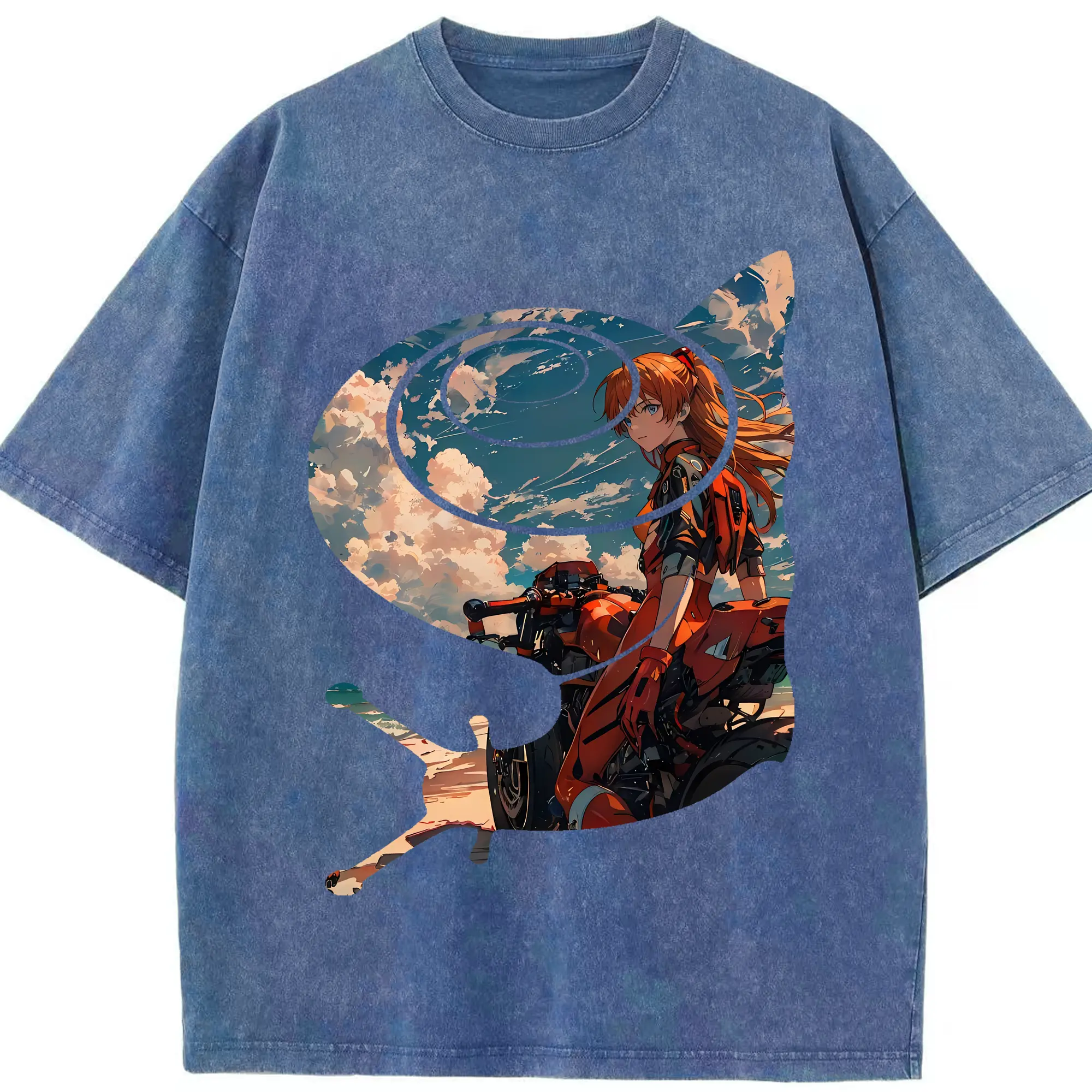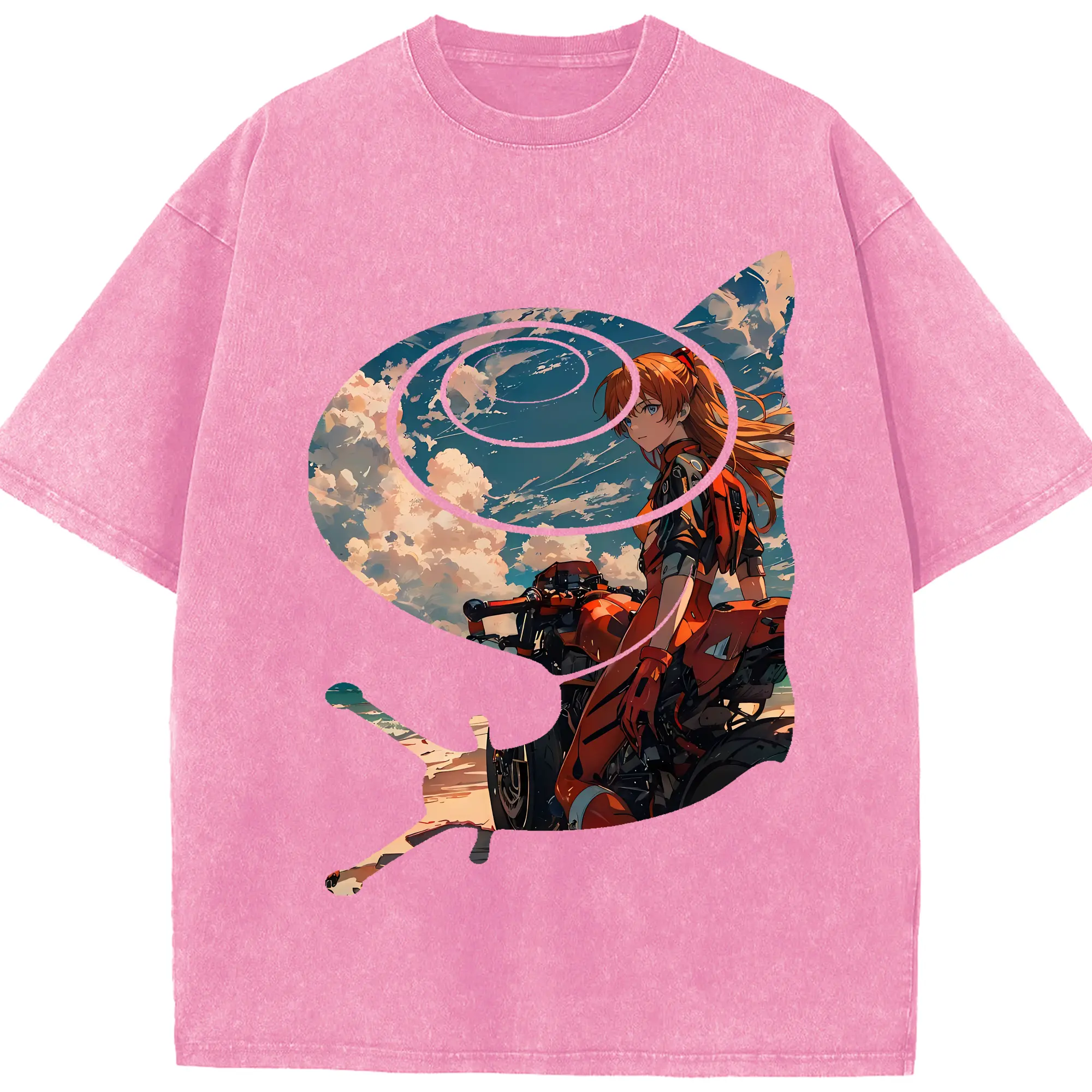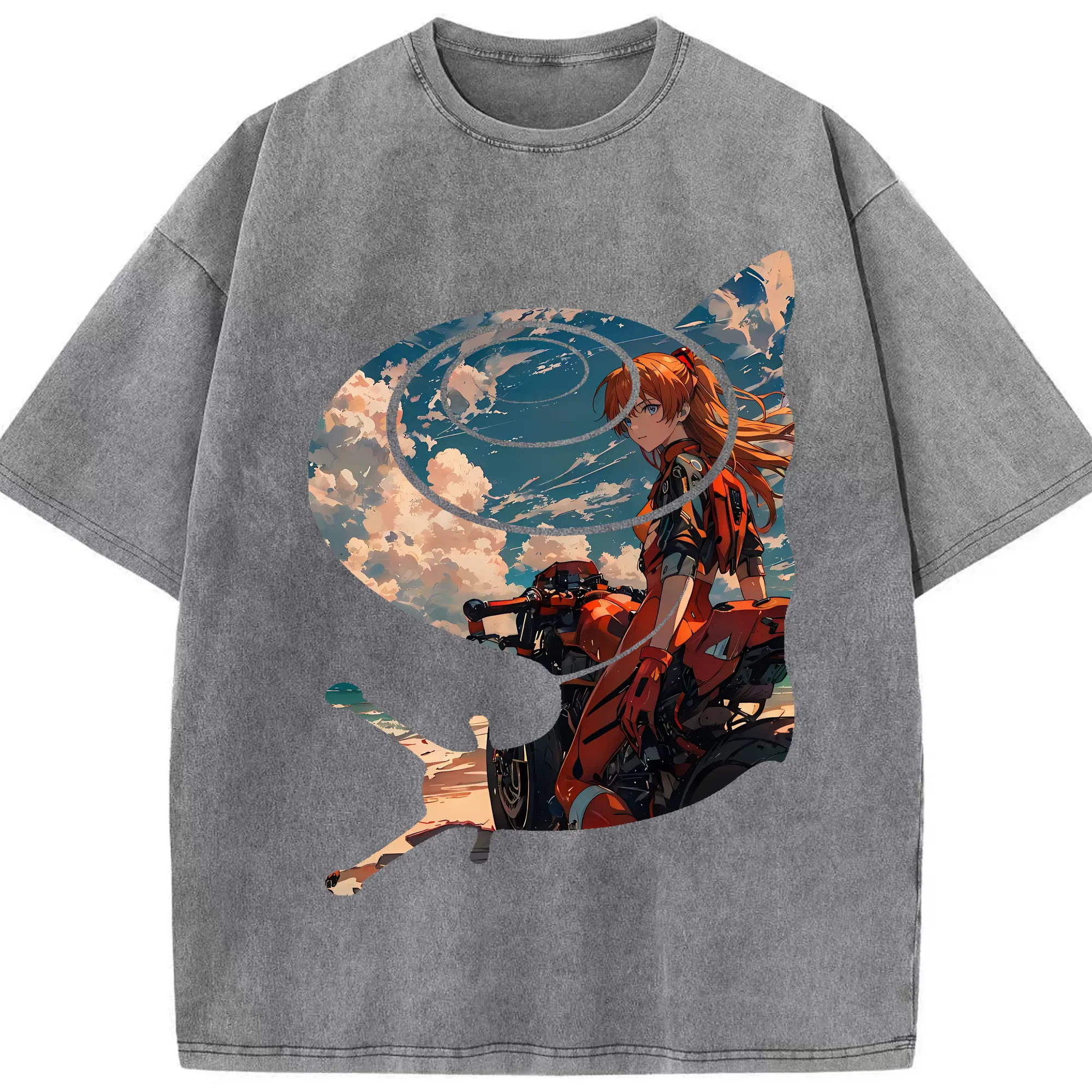 エヴァンゲリオン グッズ,アスカ·ラングレー - 綿100% ヴィンテージ風 半袖Tシャツ ・ 背面プリント ・ 柔らか肌触り ・ 通気性 快適 ・ スポーツ カジュアル 外出用
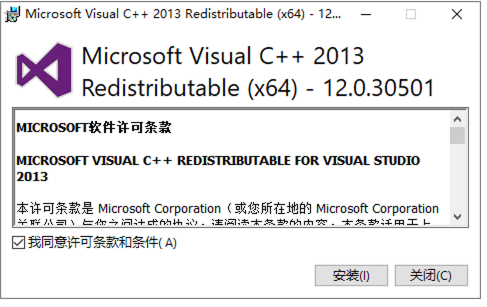 解决:需要安装Visual C++ 2013版的包。
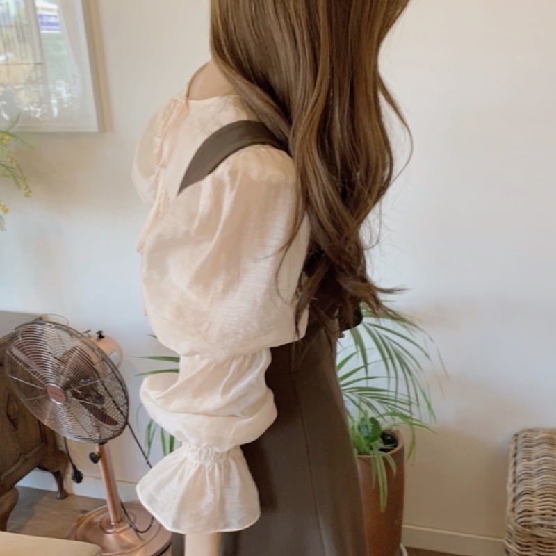 女性ブラウスフレアスリーブ透視シフォンシャツ女性フル s 春トップス女性シャツ薄い気質 スプリング 春物 asa94545651234
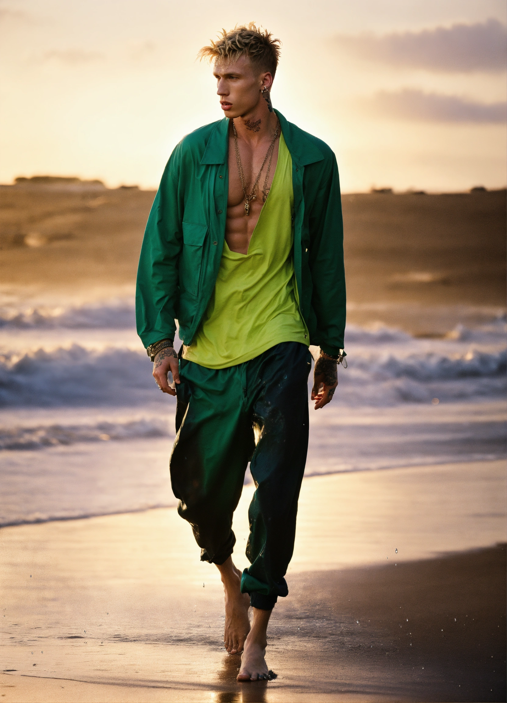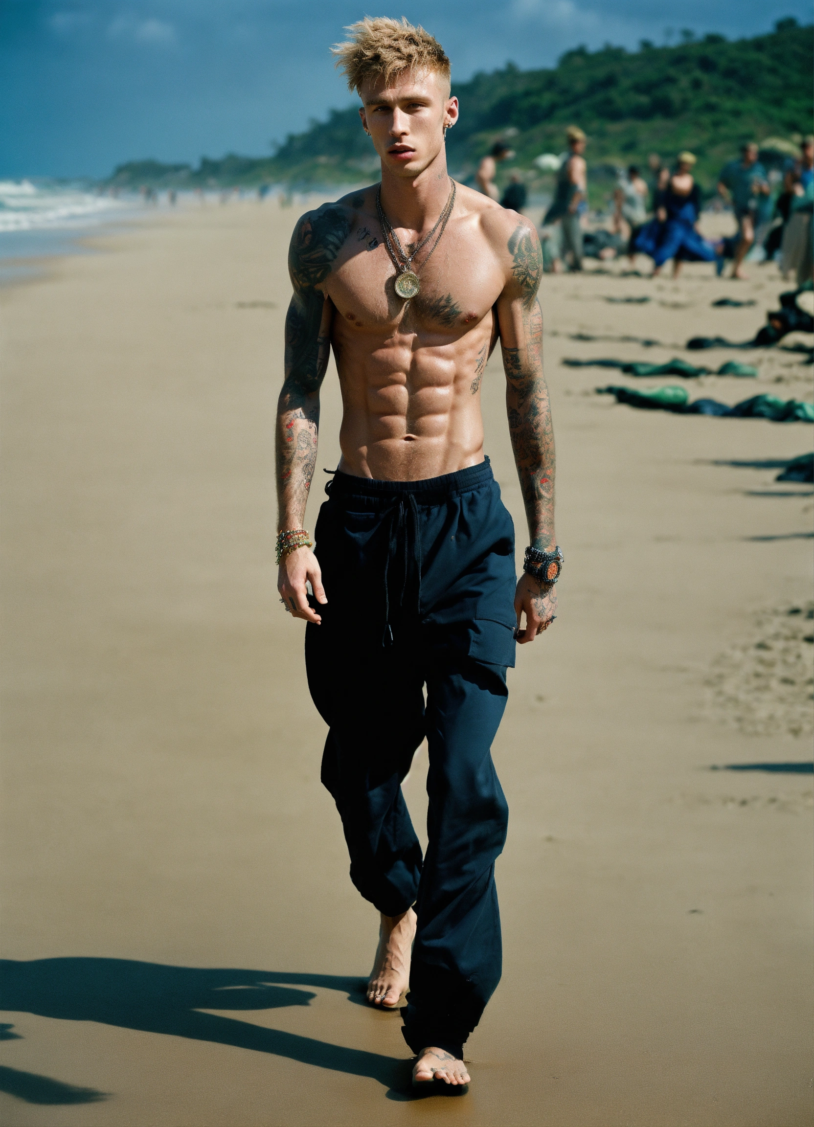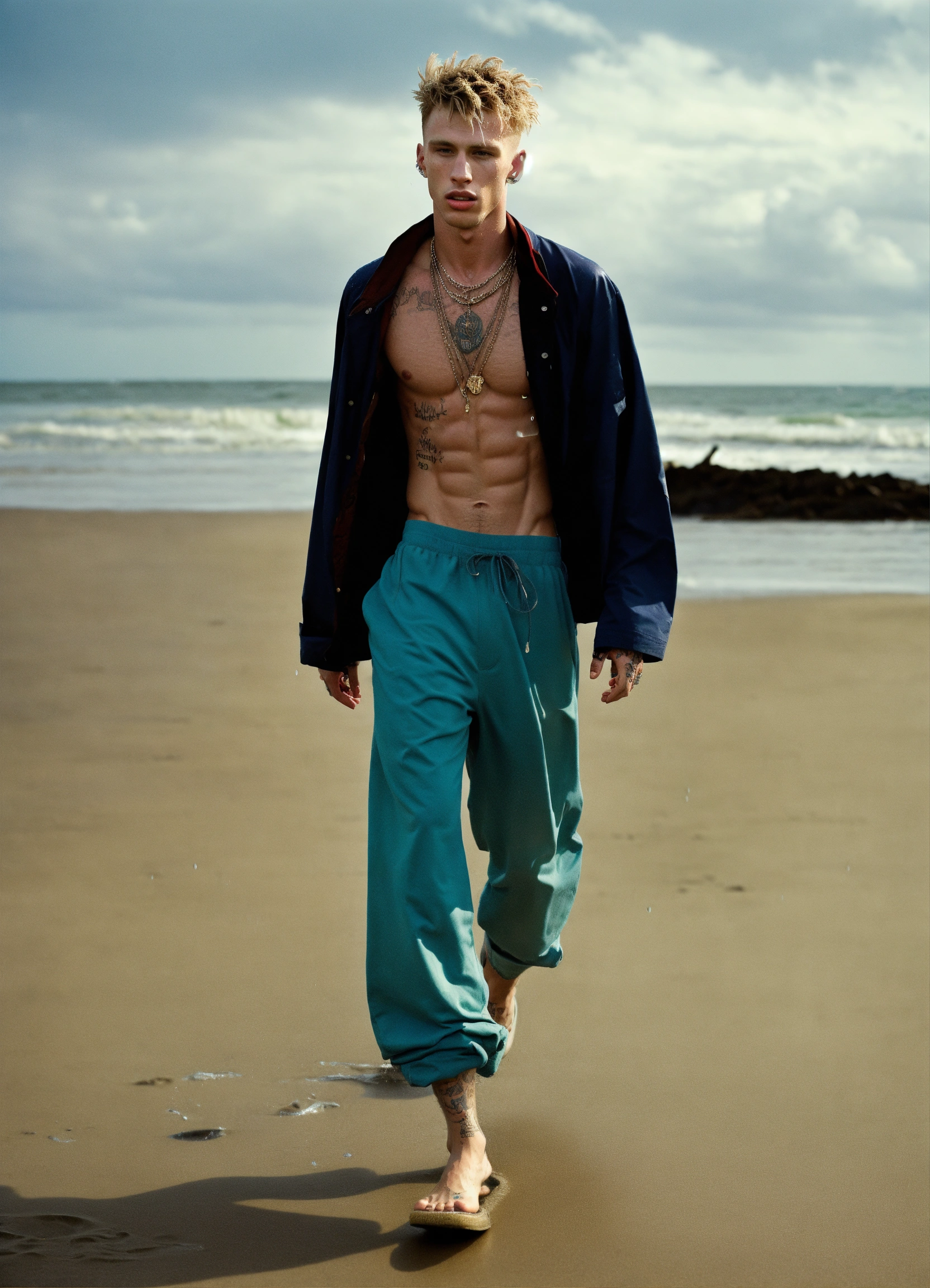 An impressive realistic photo of machine gun kelly walking on the beach in baggy pants, arrogant, muscular physique, sweating, raining, warm day, photographed by bruce weber
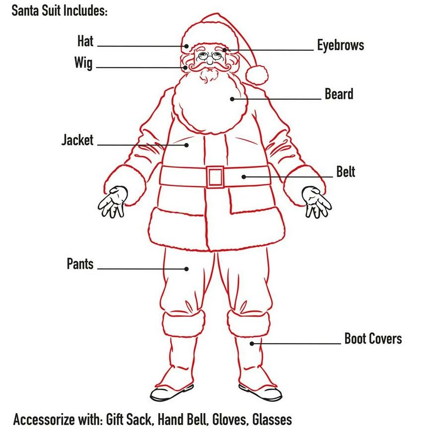 Play Santa in satin this Christmas! This plush red Santa Suit features a satin-lined, zip-front Santa jacket with plush faux fur trim and matching pants with pockets. This classic Santa costume suit comes fully accessorized with a Santa hat, beard, wig, eyebrows, faux-leather belt with buckle, and black faux-leather boot covers.
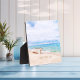 "Seas the Day" quote in beach sand. Captivating beached fishing boat on a sandy beach with watercolor aqua blue ocean,and sunny sky above.
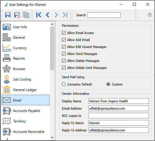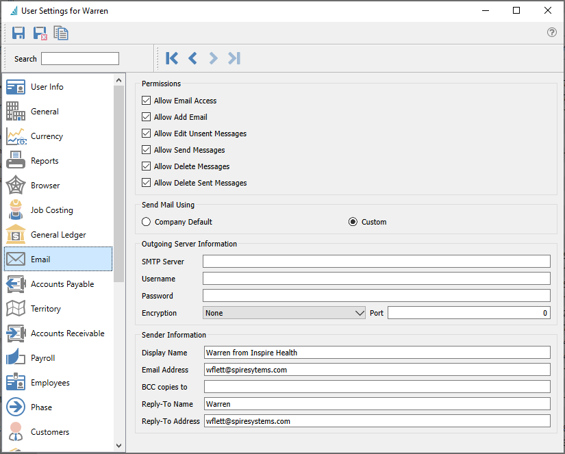In this section you will set permissions for the Email module, and the name and email address for both outgoing mail and where recipients can reply to. If left as default, the email settings will come from the email configuration in Company Settings.
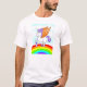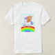 Vitunicorn med purpurfärgad mane- och svanlandning på en regnbåge i molnen. Flickat-skjorta design.
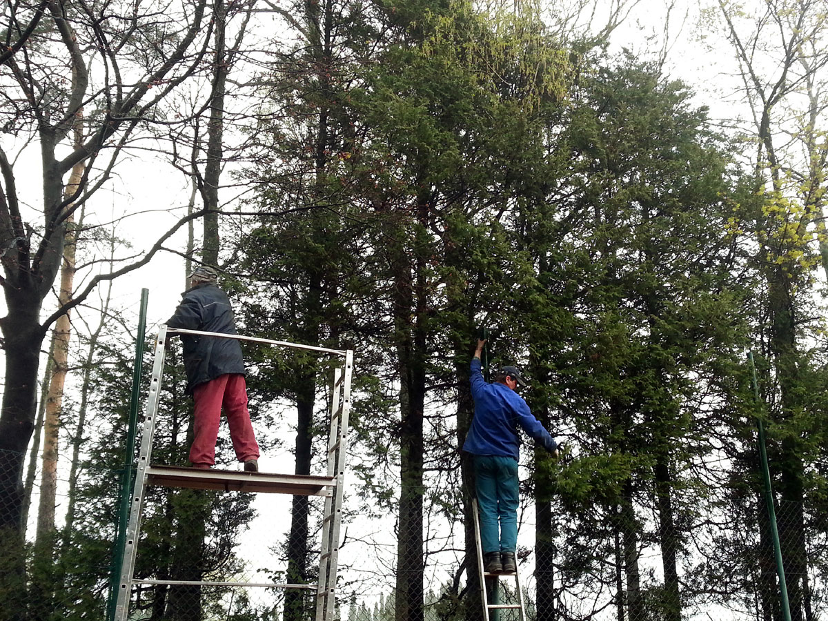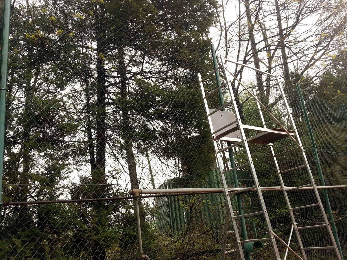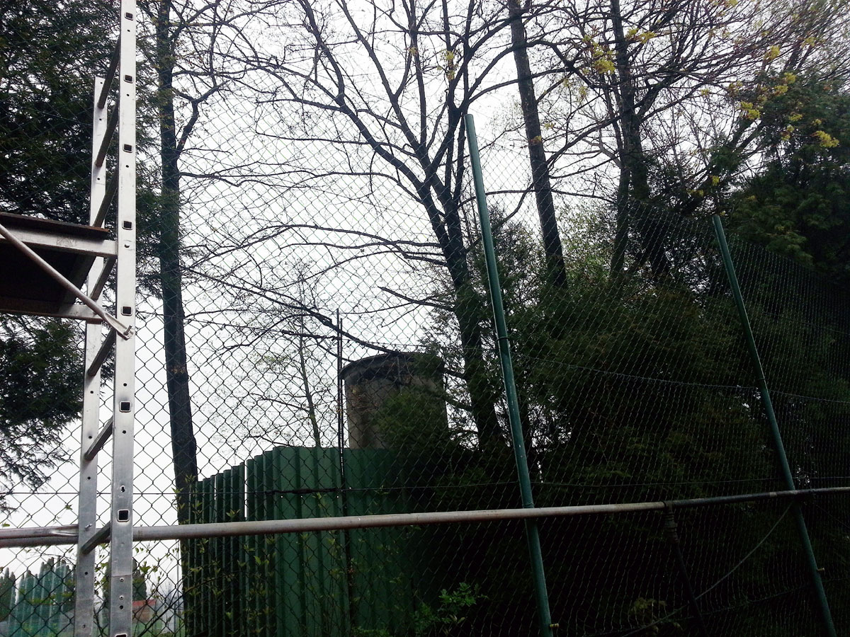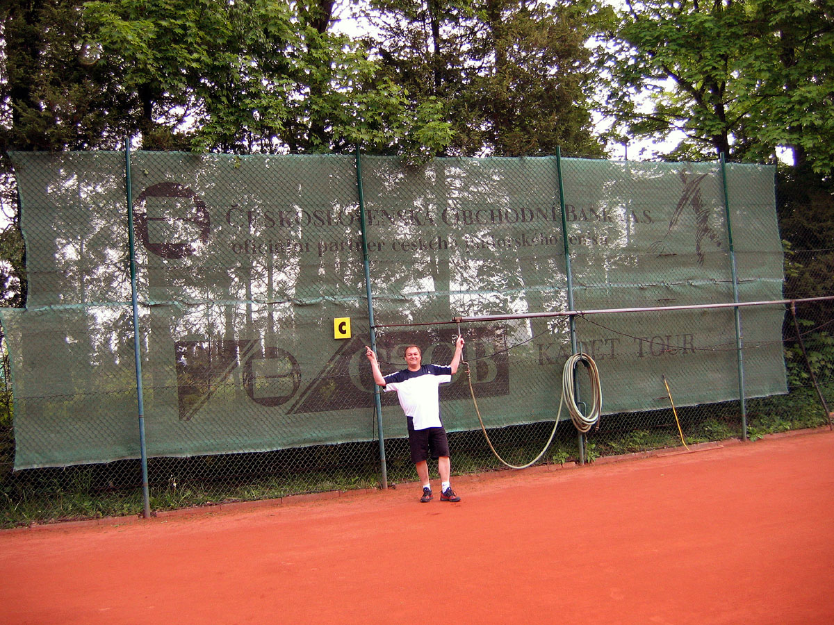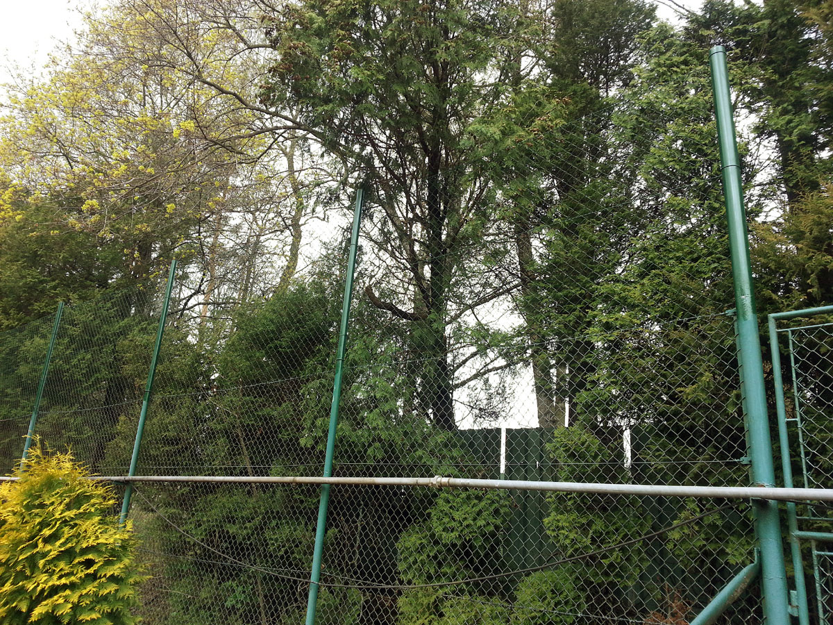 Pro zamezení létání míčků za plot a zlepšení viditelnosti jsme nadstavili plot na centrálním dvorci a napnuli na něm plachty, které zamezily průniku světla přes vysekané části lesa. |

▬▬▬

- [PROBLEM TO SOLVE]:
Transcribe the listing exactly. Its images are to be omitted.

- [WRITTEN SOLUTION]:
 エヴァンゲリオン グッズ,アスカ·ラングレー - 綿100% ヴィンテージ風 半袖Tシャツ ・ 背面プリント ・ 柔らか肌触り ・ 通気性 快適 ・ スポーツ カジュアル 外出用
 解决:需要安装Visual C++ 2013版的包。
 女性ブラウスフレアスリーブ透視シフォンシャツ女性フル s 春トップス女性シャツ薄い気質 スプリング 春物 asa94545651234
 An impressive realistic photo of machine gun kelly walking on the beach in baggy pants, arrogant, muscular physique, sweating, raining, warm day, photographed by bruce weber
 Play Santa in satin this Christmas! This plush red Santa Suit features a satin-lined, zip-front Santa jacket with plush faux fur trim and matching pants with pockets. This classic Santa costume suit comes fully accessorized with a Santa hat, beard, wig, eyebrows, faux-leather belt with buckle, and black faux-leather boot covers.
 "Seas the Day" quote in beach sand. Captivating beached fishing boat on a sandy beach with watercolor aqua blue ocean,and sunny sky above.
In this section you will set permissions for the Email module, and the name and email address for both outgoing mail and where recipients can reply to. If left as default, the email settings will come from the email configuration in Company Settings.
 Vitunicorn med purpurfärgad mane- och svanlandning på en regnbåge i molnen. Flickat-skjorta design.
 Pro zamezení létání míčků za plot a zlepšení viditelnosti jsme nadstavili plot na centrálním dvorci a napnuli na něm plachty, které zamezily průniku světla přes vysekané části lesa. |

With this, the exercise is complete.